A particle will appear to be in a single precise location when we go looking for it, but its possible “locations” when we’re not looking is a field of probabilities that move like a wave. Those probabilities represent how likely you are to find the particle at any given location when you go looking for it again*

This means we can get an idea of where we’re likeliest to find the particle next time we look by calculating how those waves move. They can do some weird stuff that you wouldn’t expect particles to be able to do

There are different competing *interpretations* of what this means: is the wave the actual particle? does the particle exist in between the times we’re looking for it? We can’t really say yet. It’s still an interesting open question

* when I say “look for” a particle, you can’t just continuously watch them move around. You have to do something to them to get a reaction, like wait for them to hit a barrier you’ve set up.

Obligatory excellent PBS Space Time video on the subject: https://youtu.be/p-MNSLsjjdo

Light and electrons are two good examples because they get at the problem from different directions.

Let’s start with light. It started out as obviously a wave based on the physics being developed by the big greats of electromagnetics, culminating in Maxwell’s equations that you might have heard of. The core math of light is definitely that of a wave, and that classical wave model predicts almost everything light does: propagation, refraction, reflection, polarization, interference, etc. It’s not important that we go into all those things, just that you understand that they’re inherently wave-based, and light does all of them.

Until light hits something and gets absorbed, that is. Absorption (and emission) is where the wave model fails completely, and where the particle side of the duality shows up. Energy from light can only get absorbed in discrete chunks, which we call photons. We’re good at detecting very low quantities of light, so we can actually build devices that see each individual chunk getting absorbed from very weak light sources hitting them. I mentioned interference above, and this is where it gets wonky. You can have interference by sending light through two narrow slits, and the pattern the light makes will end up with light bars with dark spaces between them. But, do this with the photon-counter, and you see each individual hit as it happens. Wait long enough, and the pattern still emerges, built up from each individual hit. So even though the energy is still in individual chunks, it follows the wave rules for how it should move through and past the slits. Weird.

Then we have electrons, which were very much thought of as particles. There’s a bunch of them around atoms, we can see them move around with electricity, they have mass, lots of the original EM work on electrons was very much that they are a particle.

Until someone tried putting them through that double-slit experiment like they did for light, *and the electrons behaved just like the light did*. They made the same interference pattern, showing that they, too, followed the wave rules. So now light is both wave-like and particle-like, and electrons are both particle-like and wave-like. Even weirder!

This was expanded to *all* particles, though doing the interference experiment with larger particles gets much harder, but the math checks out.

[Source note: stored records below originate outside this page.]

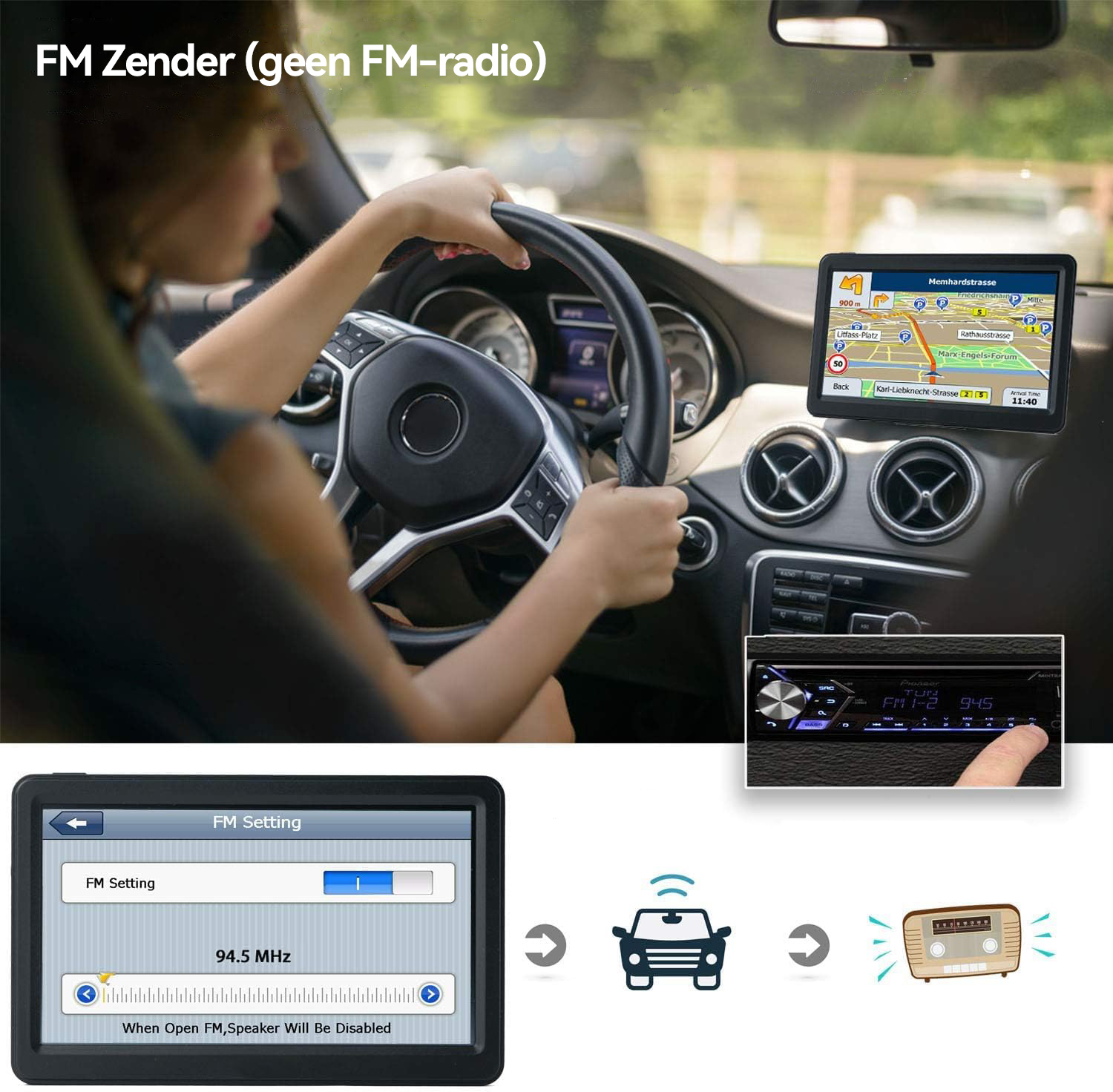 ☑️FM-zenderfunctie (Geen FM-radio) – Stuurt het navigatiegeluid naar de autoradio voor een luidere en duidelijkere weergave
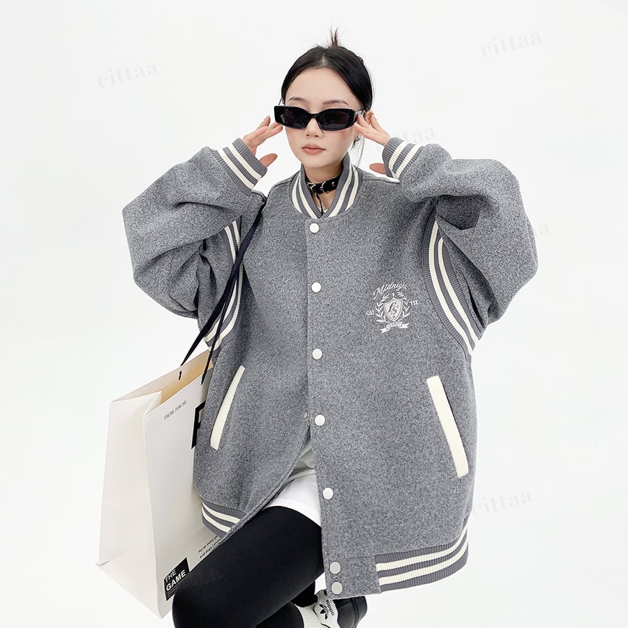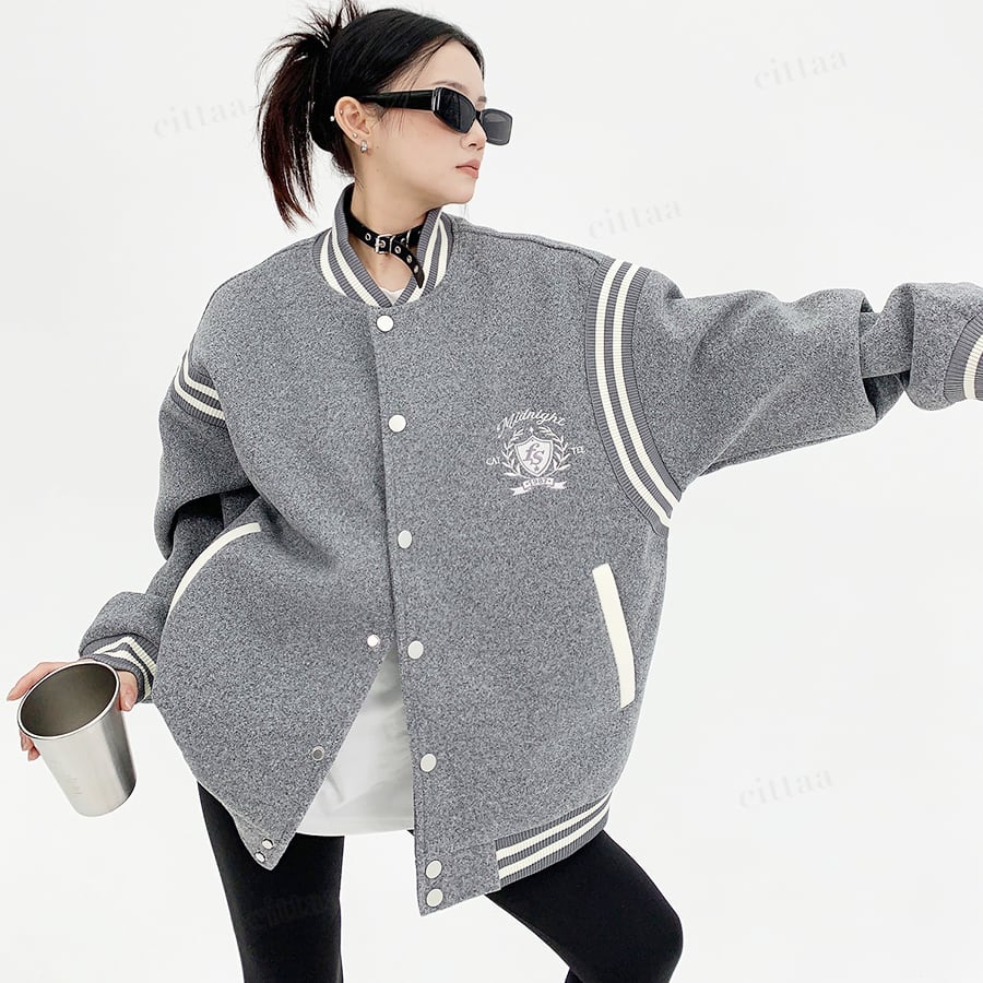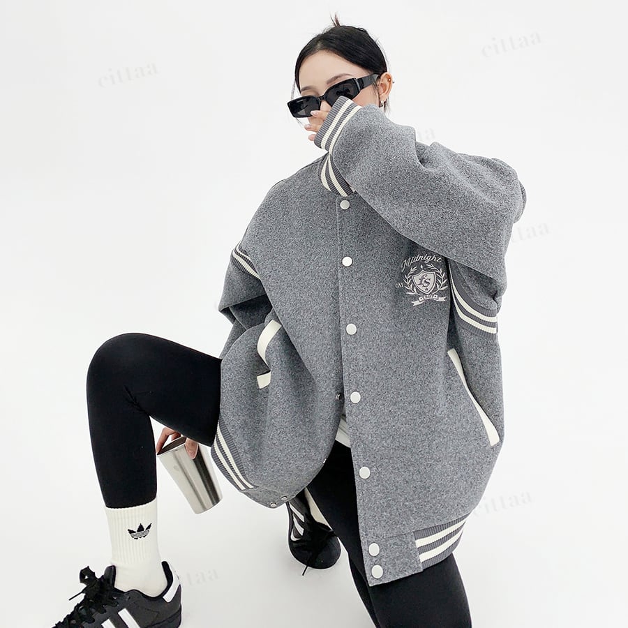 ★予約★D-544 2025秋新作♡Midnight刺繍ラインデザインブルゾン グレー
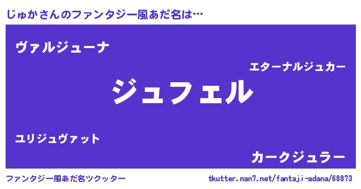 | 男性向けラノベタイトル風あだ名 | 『じゅかの憂鬱』『魔弾の王とじゅか』 |
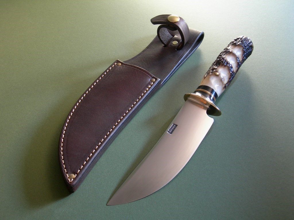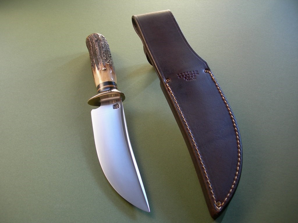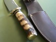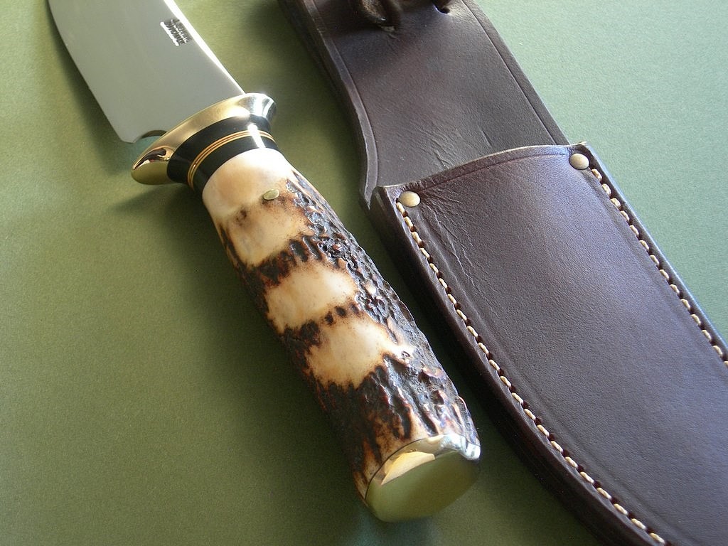 Summary: this is a fabulous looking fingered stag hunter with 6" tool steel blade, silver soldered brass guard, short spacer stack and right hand fingered deep cut dark stag handle. A fitted brass butt cap completes the knife. The stag on this knife is gorgeous, overall length right at 11-1/4”. Mint condition… and it’s sharp!
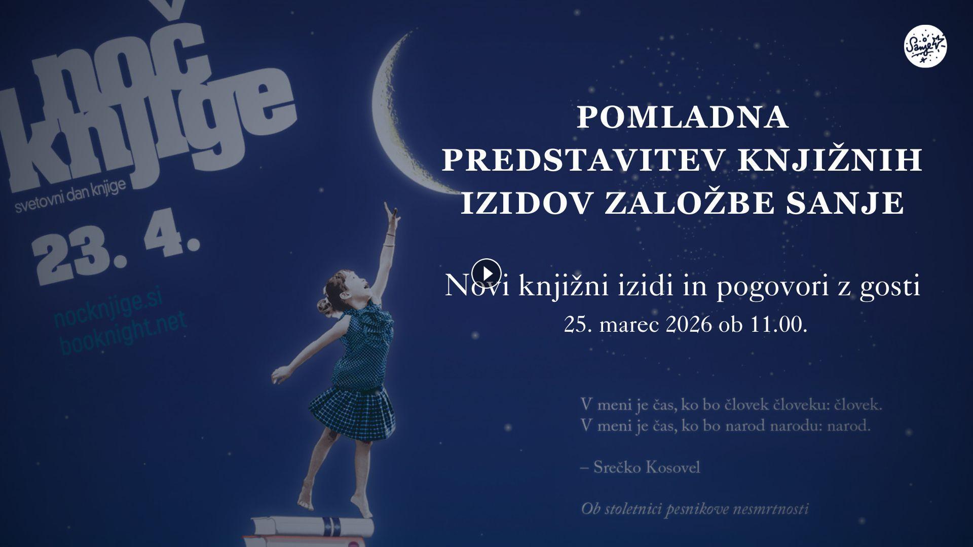Povabili smo k soustvarjanju NOČI KNJIGE 2026, ki jo letos posvečamo praznovanju stoletnice Kosovelove nesmrtnosti. PRIJAVNICA DOGODKOV je odprta, najlepše vabljeni k soustvarjanju! Vsem, ki boste prijavili dogodek, bomo podarili prelepo novo edicijo faksimila Kosovelovih Pesmi iz leta 1927. Več na spletni strani nocknjige.si.
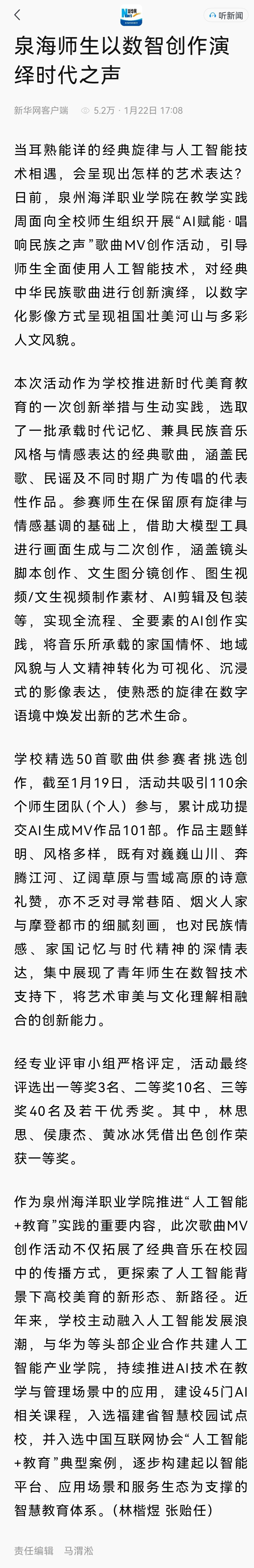 【新华网】泉海师生以数智创作演绎时代之声
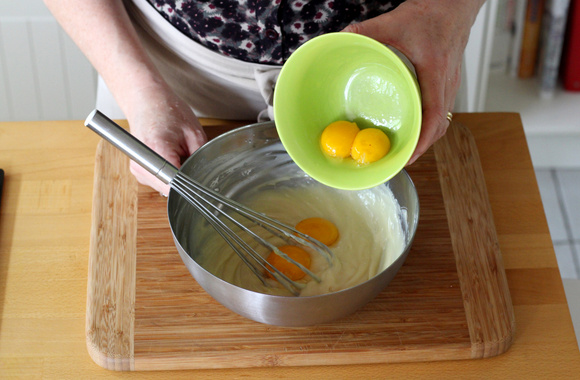2Ajoutez les jaunes d'oeufs et mélangez.

We know all of this very well by experimentation, as the quantum mechanics theories that predict it are the most verified theories in the history of science. But your guess is as good as anyone’s as to why, or how to answer the question of “is it a particle or a wave.” Both, neither, sometimes one or the other. I’m convinced we still don’t yet have the full story.

Everything we call a particle exhibits wave-particle duality at some scale. This is at the heart of quantum mechanics. For something like photons, the wave-particle duality is easily seen through the double slit experiment. If we let a few photons through at a time, we will see where those individual photons strike the screen in the end. If we let a lot of them through, we will see a wave-like interference pattern emerge. So it’s not that the electron “is considered a wave.” The electron is a particle, it’s just one that often prefers to behave like a wave, which is by no stretch unusual.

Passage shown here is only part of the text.